By: Amanda Newell
To the man who stayed when I told him to run. Today we’re celebrating 18 years of marriage. I don’t quite know how that happened. Some days it seems like yesterday and we’re those 25-year-old kids again – other days I feel like we’ve always been a team, united, a unit. But today marks 18 years since we stood before our family and friends, making a holy vow to love and cherish, “in good times and bad, in sickness and in health.” “In sickness and in health” – just writing those words gives me a sick feeling in my stomach because I know what the last 20 years have entailed and it’s been a whole lot more “sickness” than “health.”
But you stayed. Even when I told you to run. I was never someone who thought I’d find my “happily ever after.” That was for other people and novels with pink covers and pictures of shoes. Imagine my total shock when you dropped into my life, saying what I needed to hear and accepting me, faults and all, and seeing beauty where I only saw flaws. We fell hard and fast. We knew this was real. It was frankly terrifying. Trusting your heart to someone else when you’ve been so hurt before requires a tremendous leap of faith. “Will you be there for me?” “Will you still love me when the harsh realities of daily life come into play?” Doubts that keep you up at night, doubts that only intensified as I started to be plagued with even more strange symptoms.
First it was the Hashimoto’s thyroiditis (which to me sounded like a bizarre sushi roll) which meant lifetime replacement medication to deal with the fact that my body was attacking itself (little did I know this was just the first of many daily meds to come). This was added to the weird joint inflammation, fevers, hair loss, muscle spasms, fatigue, stomach problems and constant infections. Here I was, in my early 20s, and I felt like I was a senior citizen! I tried to hide things from you, but you saw through them. When I tried to push through, you would cancel our plans with friends and say ,“Let’s stay in and just watch a movie on the couch.” (Little did we know this would become our normal weekend routine!) Then, one day, it all went to hell.

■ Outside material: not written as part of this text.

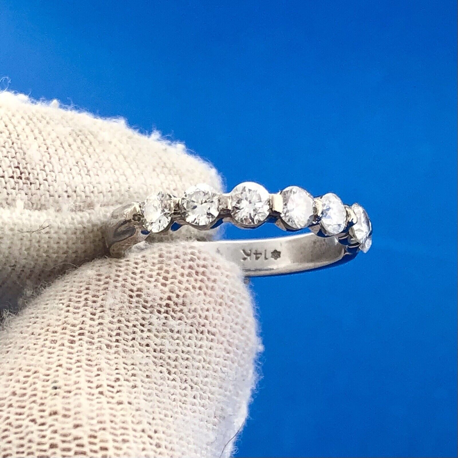 - Stunning 14K White Gold Seven Diamond Anniversary Eternity Band Ring

What started as a “normal morning” headed to a doctor appointment to deal with these odd new symptoms ended up with a 911 call and ambulance trip to the local hospital. My limbs weren’t responding. They were twitching and moving of their own accord. It was the first time anyone mentioned the term “CNS lupus.” Things suddenly got really serious. With the idea of something attacking my brain and not being in control, the future became very uncertain.
I remember lying in that bed, hooked up to all sorts of machines, the beeps, the sounds, the smells, scared but knowing what I needed to do. I had to set you free. You deserved a life of freedom. You deserved a life without being someone’s caregiver. You were 24, so bright, an incredible life ahead of you and didn’t deserve to be shackled to someone for whom the future was not promised. As much as I loved you, I needed to set you free to live that life. We were engaged, not married yet. I figured I owed you that much.
What I didn’t count on was your supreme stubbornness and the power of your love. You refused to leave. You informed me you weren’t going anywhere. You informed me you were in it “for the long haul” – then you took me into the bathroom and gently washed my hair since I’d been complaining about all of the gunk from the EEG.
It’s not easy being married to someone who is chronically ill. (Um…huge understatement of the year!) There are days you are nurse, cook, dad, mom, chauffer, class parent, therapist and zookeeper. You are the glue that holds our family together. You are the compass steering our ship. When I fall (and with my balance, it’s often literal), you pick me up. When I veer into “woe is me” territory, you gently guide me back into the land of reality. When I’m being stubborn (who, me?! never…) and am refusing to acknowledge I’ve reached my limits for the day, you set me right.
Too many nights, it’s you who helps (OK, half carries) me up the stairs and puts me to bed, even before our kids. Too many nights, you’re lonely, missing out on companionship since we’re all in bed and it’s only 9:00 p.m. and you’re a grown-up. Too many nights you don’t sleep because I know you get up to check on us, worried about the latest health crisis. Too many times you miss events you’ve looked forward to because I’m in the hospital and you need to be there for the kids. Too many times you feel torn because you want to be there as my advocate but need to be there at work to support our family.
I’m not the easiest to live with. (There, I admitted it! Happy? Or shocked?!) I can be difficult (I know, once again, shocking!) and stubborn (see, said it again). The steroids make me very moody (can’t I at least blame it on them?!). My weight fluctuations from the medications make my insecurities go out of control, yet you look at me and only see the beauty. No matter how ugly these diseases make me feel sometimes, you insist on helping me still see the beauty. No matter how useless these diseases make me feel sometimes, you make me see how I still am a valuable contributor.
I don’t know what the future holds. That crystal ball is broken. I just know I’m so blessed to be on this crazy adventure with you. And I’m so grateful you didn’t listen to me and didn’t run.